This cross-stitched piece was playing with the idea of humans being conditioned to feel the need to "do something." Just "something," purely because the alternative (doing nothing) is something we're conditioned to feel guilty about. It's intended to speak about not speaking, and say that there is nothing to say. It's not "art" that has a "point" or "purpose"; it's an object created for the sake of creation. It deliberately ignores the idea of fulfilment, instead focusing on the idea that life has no intrinsic meaning, and so our actions are "meaningless." I don't think it's bad that it intentionally ignores many logical perspectives; essentially it's a tongue-in-cheek description of one point of view. It's deliberately a little bit illogical. It doesn't intend to convince other people of its point of view; it intends to present that point of view in a way that highlights that it's mildly amusing. It examines my thoughts and actions and describes them, not intending to convince or justify.
This deals with the same sort of ideas - productivity for the sake of productivity, and doing things for the sake of doing things.

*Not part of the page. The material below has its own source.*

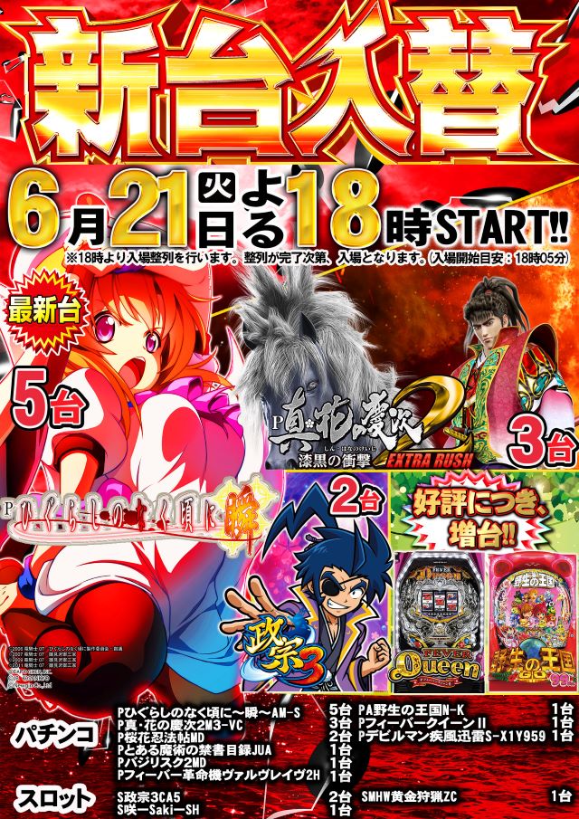21日(火) ☆新台入替初日☆18時START 毎日営業中♬

It speaks about the perceived importance of doing something every day. You "have to" get up and you "have to" shower and you "have to" eat, but it's not limited to basic needs. There is apparently more than that, and even if we don't know what that means for ourselves, we supposedly have to at least make a vague stab at it.
(Translation Show piece, sitting with other people's.)

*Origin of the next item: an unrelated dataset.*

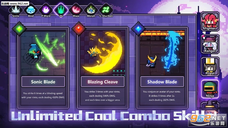 从战士、游侠、法师、牧师、忍者中,选出适合自己的职业。

The piece I made for the Translation Show is where I feel like the communication sort of falls directly on its face. It refers to the idea of investing time into something for the sake of artificially creating some idea of "value." It's cross-stitched because that medium is incredibly slow, and not widely considered to be that aesthetically pleasing compared to other methods of creating images. This makes it seem inefficient, and it seems like its only appeal is how much time is invested into it. The medium has "value" BECAUSE it is slow. Its value is its own inefficiency.
"In general, the greater the productiveness of labour, the less is the labour time required for the production of an article, the less is the amount of labour crystallised in that article, and the less is its value; and vice versa, the less the productiveness of labour, the greater is the labour time required for the production of an article, and the greater its value." (This is from Das Capital.) Certain materials have value because extracting them is inefficient. Certain objects have value because the process of creating them is slow. In the case of an image created using a slow method (an image that could have been created more quickly in another medium, and that would have served the same purpose in this other medium), the image's creation is a process that INTENDS to use up a large amount of time.

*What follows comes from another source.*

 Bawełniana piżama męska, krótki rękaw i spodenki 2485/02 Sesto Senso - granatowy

This piece was a "translation" because the intention was to wholeheartedly explore the medium, creating images in the traditional way. The flowers were supposed to convey an attempt to be beautiful, and I framed it since it was about futility with conviction, not apathy. This point ended up being muddled by the fact that I left the needle in. I was unsure whether I wanted to leave it slightly unfinished to emphasise the tedium, or finish it to reinforce the point of futility with conviction. This is another reason I framed it instead of mounting it; I wanted the decision (to leave the needle in) to be reversible in case I changed my mind, and I think I have.
There is a lot I don't like about this piece. It starts to refer too specifically to the habits of middle class women decades or centuries ago - women "filling time" as they did not need to work. This is not what I am interested in, and it's not what I'm researching. However, I think this is a side-effect of the instruction to "translate" the work, so maybe it's okay that I pushed things out of my comfort zone all the way to the point where the work catastrophically fails.
Another way this work fails is that it aims to communicate the idea of pouring lots of time into something, but it looks like something that didn't take very long. It did. Even I don't believe how long this piece of shit took me. The medium is actually TOO effective at being tedious and time-consuming, so my point gets lost.